Why might you want to do this? For one it is a different lense through which to analyze neural nets’ mysterious success through. For another, it gives you interpolation for free. Also this idea is part of the connection between neural nets and low rank GPs. There are possibly other reasons — perhaps the right basis gives you better priors for understanding a partial differential equation? Or something else?
1 Unrolling: Implementing sparse coding using neural nets
Often credited to Gregor and LeCun (2010), this trick imagines each step in an iterative sparse coding optimisation as a layer in a neural net and then optimises the gradient descent step of that iterative coding, given you, in effect, a way of learning optimally fast, or optimally fast, sparse bases. This has been taken a long way by, e.g. Monga, Li, and Eldar (2021).
2 Convolutional neural networks as sparse coding
Elad and Papyan and others have a miniature school of Deep Learning analysis based on Multi Layer Convolutional Sparse Coding (Papyan, Romano, and Elad 2017; Papyan et al. 2018; Papyan, Sulam, and Elad 2017; Sulam et al. 2018). The argument here is that essentially Convnets are already solving sparse coding problems they just don’t know it. They argue:
The recently proposed multilayer convolutional sparse coding (ML-CSC) model, consisting of a cascade of convolutional sparse layers, provides a new interpretation of convolutional neural networks (CNNs). Under this framework, the forward pass in a CNN is equivalent to a pursuit algorithm aiming to estimate the nested sparse representation vectors from a given input signal. …Our work represents a bridge between matrix factorization, sparse dictionary learning, and sparse autoencoders, and we analyze these connections in detail.

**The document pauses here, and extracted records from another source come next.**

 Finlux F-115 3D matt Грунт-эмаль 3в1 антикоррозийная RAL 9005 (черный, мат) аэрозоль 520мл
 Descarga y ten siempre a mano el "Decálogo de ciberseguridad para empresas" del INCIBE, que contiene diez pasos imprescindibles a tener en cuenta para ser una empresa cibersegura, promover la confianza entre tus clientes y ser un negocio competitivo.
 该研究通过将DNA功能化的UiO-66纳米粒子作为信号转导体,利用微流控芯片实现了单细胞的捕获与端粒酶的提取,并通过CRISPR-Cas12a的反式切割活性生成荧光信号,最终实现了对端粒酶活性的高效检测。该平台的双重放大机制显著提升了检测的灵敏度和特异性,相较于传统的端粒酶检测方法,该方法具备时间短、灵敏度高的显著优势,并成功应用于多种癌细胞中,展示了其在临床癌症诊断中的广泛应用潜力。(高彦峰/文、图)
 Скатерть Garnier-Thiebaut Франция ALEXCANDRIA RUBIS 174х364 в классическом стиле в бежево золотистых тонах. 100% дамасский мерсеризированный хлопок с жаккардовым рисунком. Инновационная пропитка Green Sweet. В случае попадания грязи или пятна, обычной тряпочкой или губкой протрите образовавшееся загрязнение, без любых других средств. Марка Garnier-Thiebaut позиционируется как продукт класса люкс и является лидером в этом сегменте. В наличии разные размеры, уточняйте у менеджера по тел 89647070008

However, as interesting as this sounds, I am not deeply engaged with it, since this does not solve any immediate problems for me.
3 Continuous basis functions
Convnet require a complete rasterized grid, but often signels are not observed on a regular grid. This is precisely the problem of signal sampling. With basis functions of continuous support and a few assumptions it is tempting to imagine we can get neural networks which operate in a continuous space.. Can I uses continuous bases in the computation of a neural net? If so, this could be useful in things like learning PDEs. The virtue of these things is that they do not depend (much?) upon the scale of some grid. Possibly this naturally leads to us being able to sample the problem very sparsely. It also might allow us to interpolate sparse solutions. In addition, analytic basis functions are easy to differentiate; we can use autodiff to find their local spatial gradients, even deep ones.

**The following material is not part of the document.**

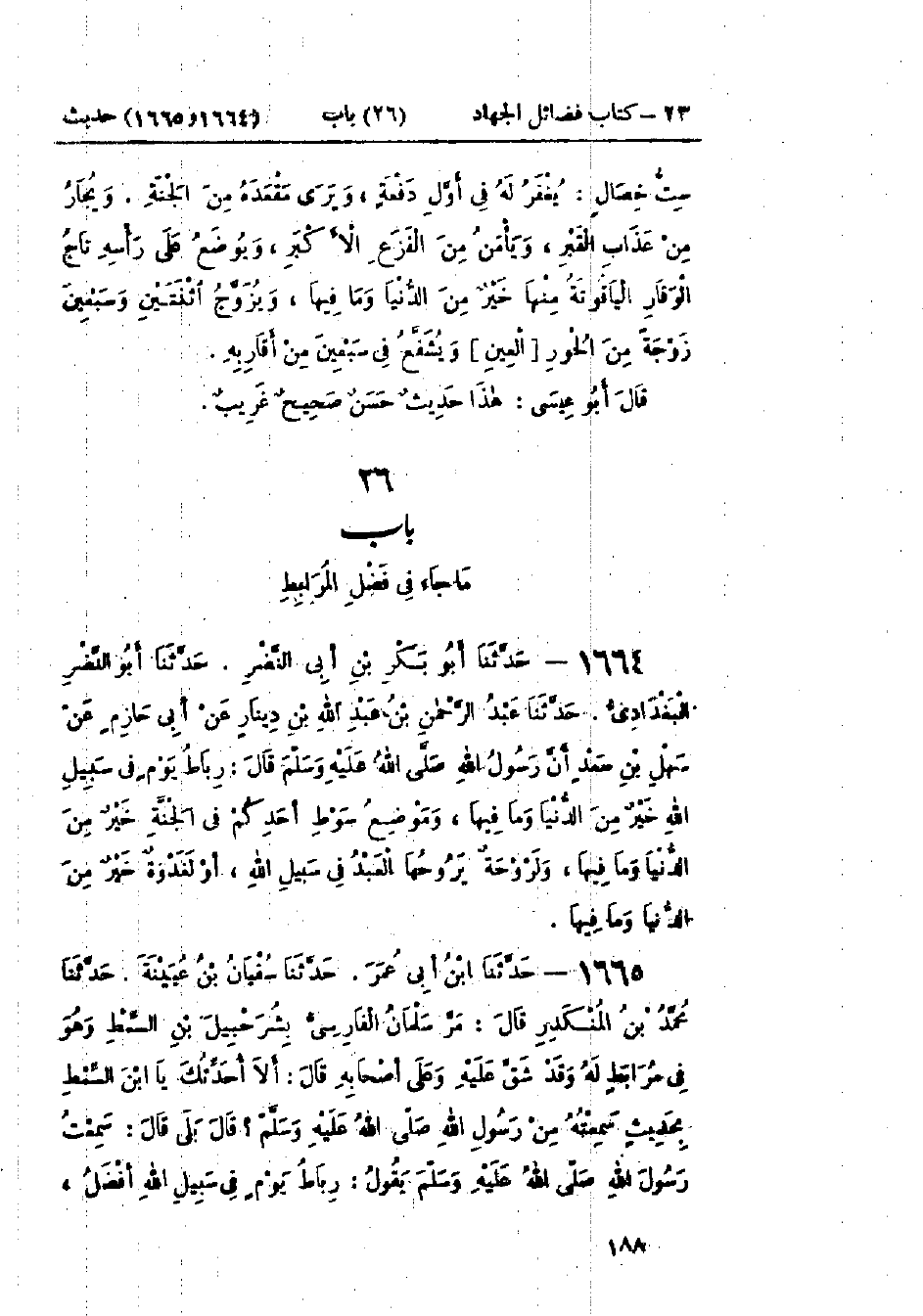 1664 - حَدَّثَنَا أَبُو بَكْرِ بْنُ أَبِي النَّضْرِ قَالَ: حَدَّثَنَا أَبُو النَّضْرِ البَغْدَادِيُّ قَالَ: حَدَّثَنَا عَبْدُ الرَّحْمَنِ بْنُ عَبْدِ اللَّهِ بْنِ دِينَارٍ، عَنْ أَبِي حَازِمٍ، عَنْ سَهْلِ بْنِ سَعْدٍ، أَنَّ رَسُولَ اللَّهِ صَلَّى اللَّهُ عَلَيْهِ وَسَلَّمَ قَالَ: «§رِبَاطُ يَوْمٍ فِي سَبِيلِ اللَّهِ خَيْرٌ مِنَ الدُّنْيَا وَمَا فِيهَا، وَمَوْضِعُ سَوْطِ أَحَدِكُمْ فِي الجَنَّةِ خَيْرٌ مِنَ الدُّنْيَا وَمَا فِيهَا، وَلَرَوْحَةٌ يَرُوحُهَا العَبْدُ فِي سَبِيلِ اللَّهِ أَوْ لَغَدْوَةٌ خَيْرٌ مِنَ الدُّنْيَا وَمَا فِيهَا» هَذَا حَدِيثٌ حَسَنٌ صَحِيحٌ

There are various ways other to do native interpolation; One hack uses the implicit representation method which is a clever trick — in that setting we reuse the autodiff architecture to calculate gradients with respect to the output index, but not plausible for every problem, where something better behaved like a basis function interpretation is more helpful.
Specifically, I would like to do Bayesian inference which looks extremely hard through an implicit net, but only very hard through a basis decomposition.

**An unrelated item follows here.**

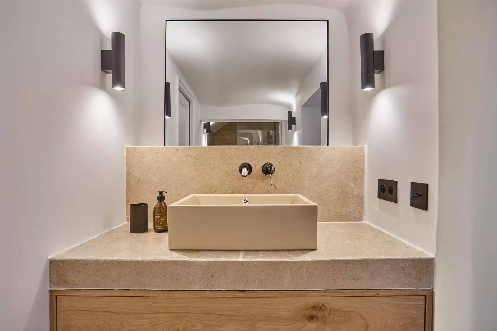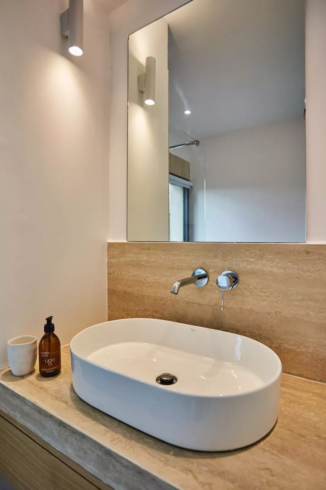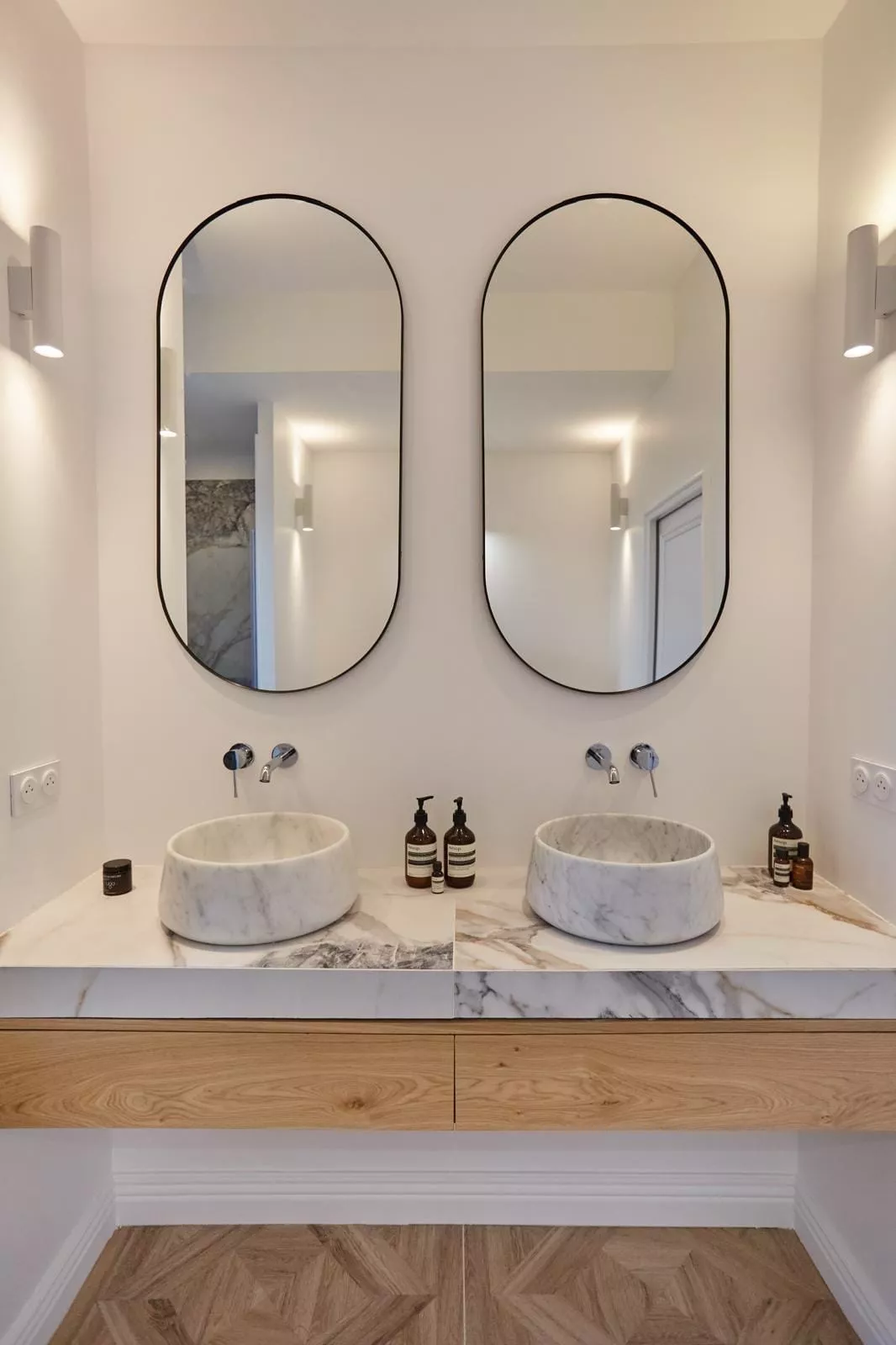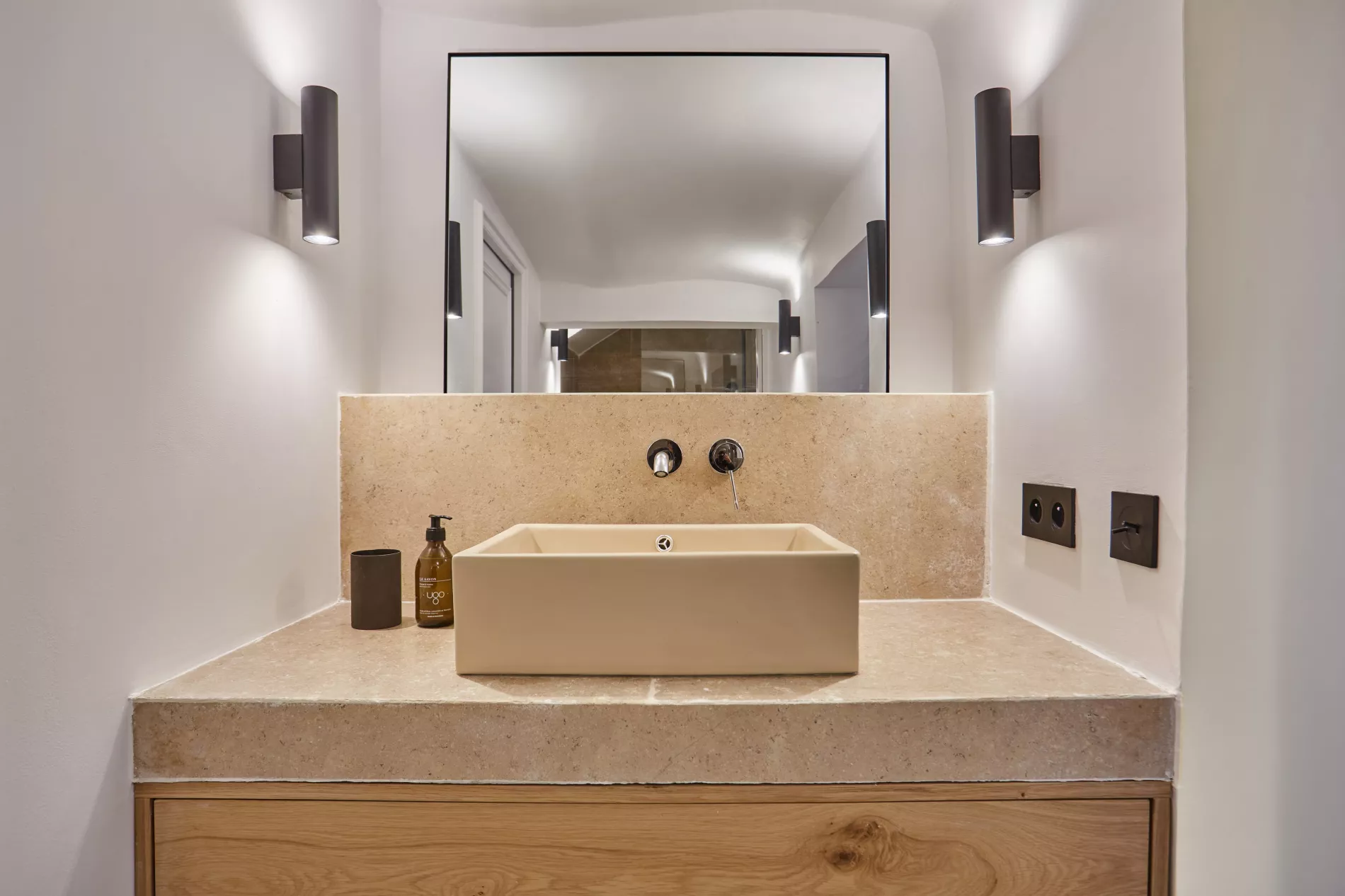 Pour ce projet, chaque salle de bain a été conçue sur mesure avec des meubles vasque carrelés et une robinetterie encastrée Grohe, offrant un rendu épuré et haut de gamme.

In practice, how would I do this?
Using a well-known basis, such as orthogonal polynomial or Fourier bases, creating a layer which encodes your net is easy. After all, that is just an inner product. That is what methods like that of Li et al. (2020) exploit.
More general, non-orthogonal bases such as sparse/overcomplete frames might need to solve a complicated sparse optimisation problem inside the network.
One approach is presumably to solve the basis problem in implicit layers.1 Differentiable Convex Optimization Layers introduces cvxpylayers; perhaps that does some of the work we want?
I would probably not attempt to learn an arbitrary sparse basis dictionary in this context, because that does not interpolate naturally, but I can imagine learning a parametric sparse dictionary, such as one defined by some simple basis such as decaying sinusoids.
How would wavelet decompositions fit in here?
4 References
Footnotes
Not to be confused with implicit representation layers which are completely different.↩︎